“It’s been important for me to be his advocate, because if I didn’t do it, no one else would! … Charlie being diagnosed with autism has just changed my life completely. I’ve learned so much now, I want to help other families.”
On this page:
- Choosing a school
- Early on at primary school
- Keeping in touch with school
- Advocating and sharing information
- Getting involved in the classroom
- I’ve learned so much
Choosing a school
I didn’t really know what school to pick for Charlie, because I didn’t know initially if he was intellectually impaired or not. I got a lot of support from kindergarten teachers and experts, to help me pick the right school [a nearby mainstream Catholic school]. And I really listened to the people I trusted on that, rather than throw him into a school where he was out of his depth.
I had a friend who had a child with a mild disability. And she was really well supported at the school. And when I was at the school, I met some children who were a bit further down the track, who also had disabilities. And they were really happy, so that was a good sign.
One of the reasons I chose the school was because I had friends at the school. School friends, school parents are a big part of our social life, and that’s really important to our family. And when there has been issues with him socially, I’ve been able to ring up a friend, instead of ringing the school, and deal with it that way. Some weeks Charlie will just want to play by himself, and he doesn’t quite know how to break into social interactions again with other children. I just pick up the phone and ring a friend, and then they tend to include him again.
Early on at primary school
When Charlie first started school, I made a booklet about him and his condition, and where he was at. And I gave that to the school, and they really appreciated that, because it helped them understand him better, and his teacher was able to help him more during the year.

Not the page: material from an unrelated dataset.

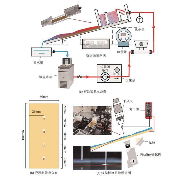 本实验的实验装置,如图3(a)所示。该装置主要由液体回路、布液器和实验段三大部分组成。液体回路用于提供不同的流动条件,以确保布液器能够稳定形成液膜。在这个回路中,液体从恒温水箱(Julabo-Vivo RT2)中流出,恒温水箱提供一个稳定的入口温度,由齿轮泵(Cole-parmer)控制液体流量大小,液体再流入流量计(Micro motion 2700,精度为±0.05%),流量计监测管道内液体的质量流量,在布液器的入口端放置一个T型热电偶(精度为±0.5℃)来测量入口温度的变化,最后使用数据采集器(Keithely 2700)采集流量计的质量流量、热电偶的温度和加热片的功率。本实验对入口温度要求较高,所以采用一些保温措施,在不锈钢管和布液器腔室周围包裹一层保温棉,减少热量损失。

The school and I have worked together with Charlie. They seem to appreciate parents who are more proactive, by getting him diagnosed fairly early, and having done a lot of work before he started school. Without the early intervention, Charlie probably would have been non-verbal when he started school. So they were really grateful that I had put in some hard yards in prior years.

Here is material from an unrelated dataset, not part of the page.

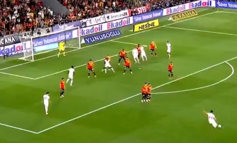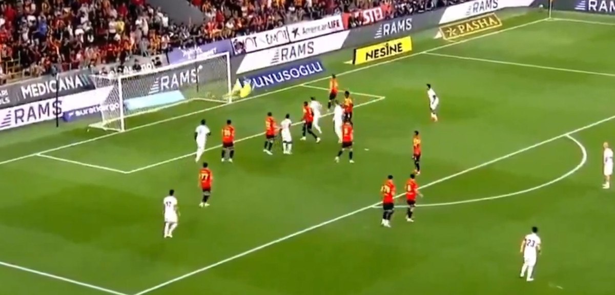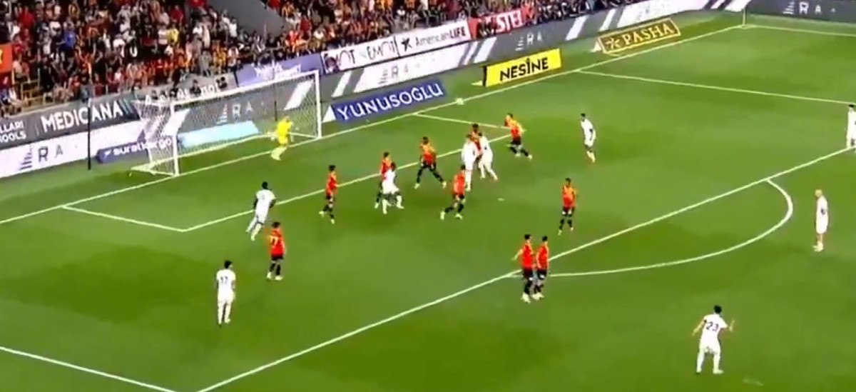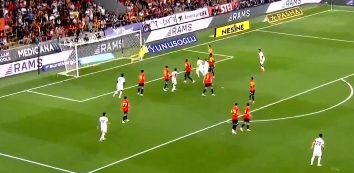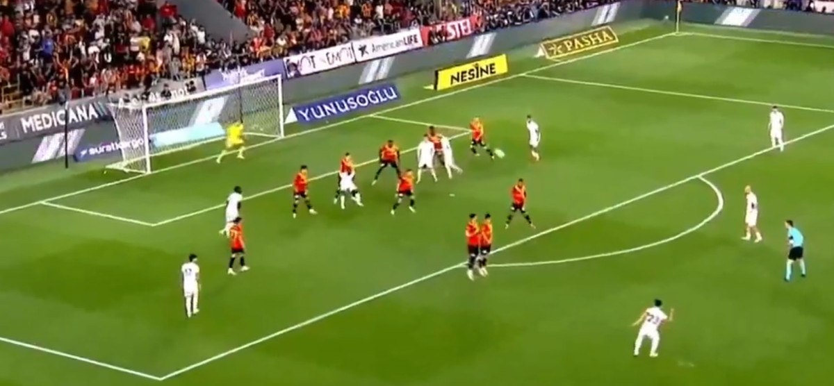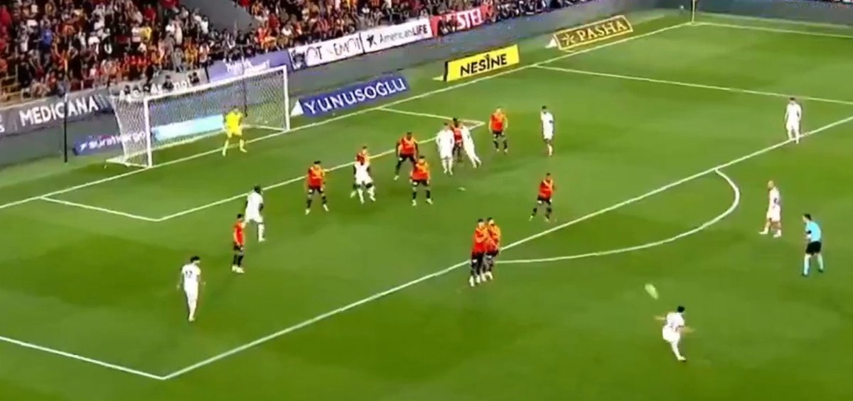 Sol iç kulvardan uzak aradan kullanılan özgür vuruşta Kaan Ayhan sağ ayağıyla vuruşunu yaptı, meşin yuvarlak uzak köşeden doksana gitti.

Keeping in touch with school
I keep in touch with the school via the principal or the teachers. I keep in regular contact with them – having a chat if there’s an issue that’s come up, and something that needs to be dealt with on the spot. If I need to talk to the principal I’d make an appointment, and if I need to talk to the teacher I try and speak to them first thing in the morning, or just make an appointment.
I touch base with the school once every semester, with the Parent Support Group teacher, his aide and his teacher. And we have a little round-the-table meeting about where he’s at, and any issues that he has. And often they’re just social issues. Not usually academic issues any more. Whatever is happening at the time.

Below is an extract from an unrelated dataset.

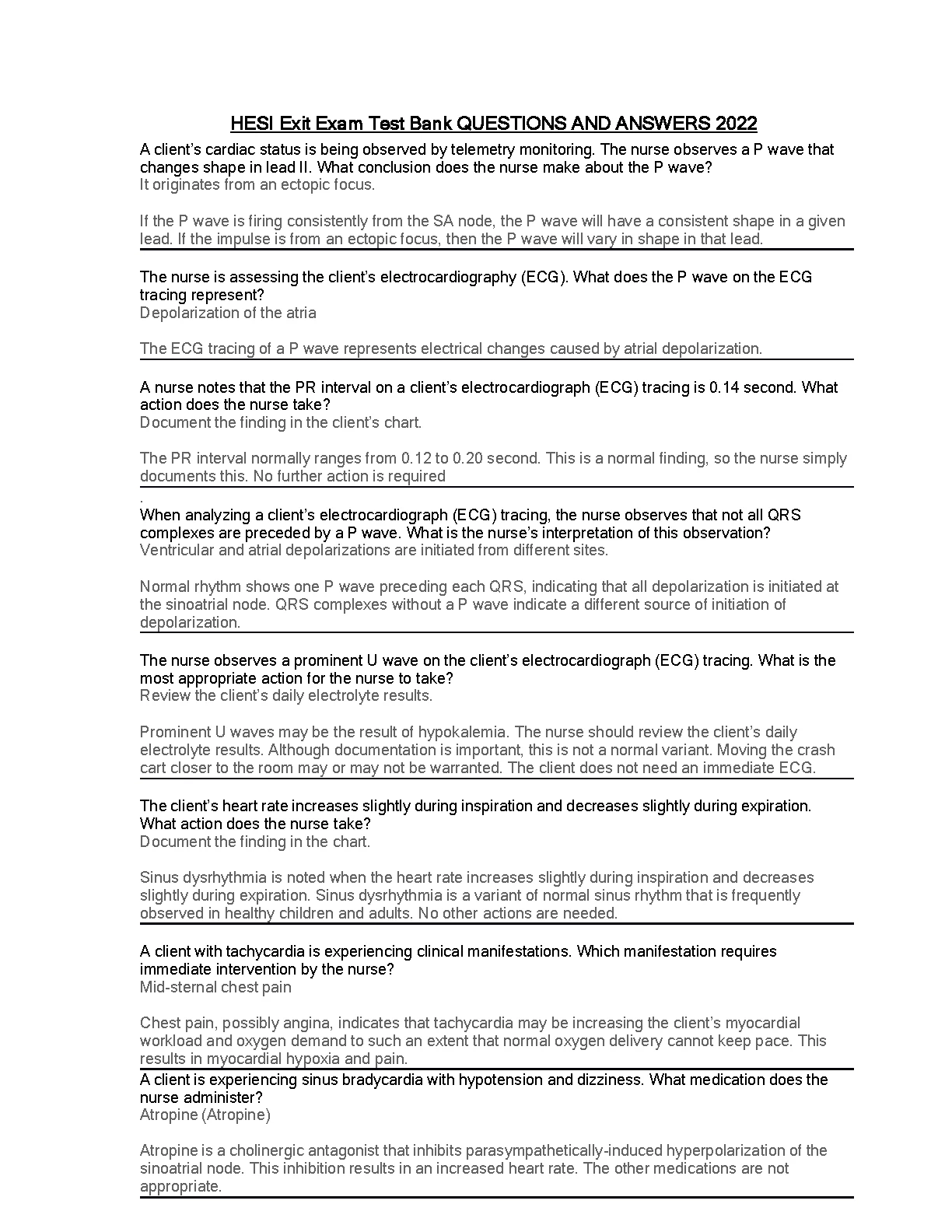 HESI Exit Exam Test Bank QUESTIONS AND ANSWERS 2022 /2023

Advocating and sharing information
It’s been important for me to be his advocate, because if I didn’t do it, no one else would! When I’m dealing with people, I try and deal with them in the most positive way possible, and sometimes they don’t see solutions for him. I might have to bring some in.
When I go to a meeting for my son, I try and go in there with a couple of solutions, if there’s a problem. One of the issues that my son has, was he started to pull out his hair, which was a nervous anxiety condition. And I’d actually had that condition as a child, so I brought my own experience in, and I wrote a brochure about the condition, gave it to the school, and suggested giving him a necklace that felt a bit hairy – something that he could play with, to stop him from pulling out his eyelashes and hair. So they didn’t know about the condition, and they were really grateful, because many children suffer from hair-pulling and similar types of nervous condition. So it just made the teachers all aware, and the principal was really supportive.
Getting involved in the classroom
In grade 1, that was a really important year for Charlie, because it’s not as touchy-feely as prep. So I decided to help out in the classroom, to learn from the teacher how I could help teach him, because I don’t have a teaching background. And also to see how he was going socially, and see where he was having difficulties.
Within that, I made some resources for the classroom to help him and some other children that were struggling with things, for instance doing words, adjectives. I made a booklet for his classroom, and that helped him get through some difficulties in the year.
Being in the classroom, I developed a good relationship with his teacher. Just being there really helped her and I work on strategies for Charlie together.
I’ve learned so much
It was hard at the beginning when Charlie was diagnosed, because I didn’t really want to accept that he had a disability. But I didn’t have a choice, and I came round to the idea of helping him fairly quickly. Early in the process, I was told that the buck stopped with me, so I had to look out for him. I think the way I coped with it was just getting as interested in his condition as possible, and making it a big part of my life, and probably mono-talking autism to my friends for about two years!
Charlie being diagnosed with autism has just changed my life completely. I’ve learned so much now, I want to help other families. I’ve applied for uni next year.
One of the things that has really changed for me since my son got diagnosed is that I do take some more time out for myself, when I can. And my thing that I do for myself is to keep as fit as possible, and that’s completely changed for me.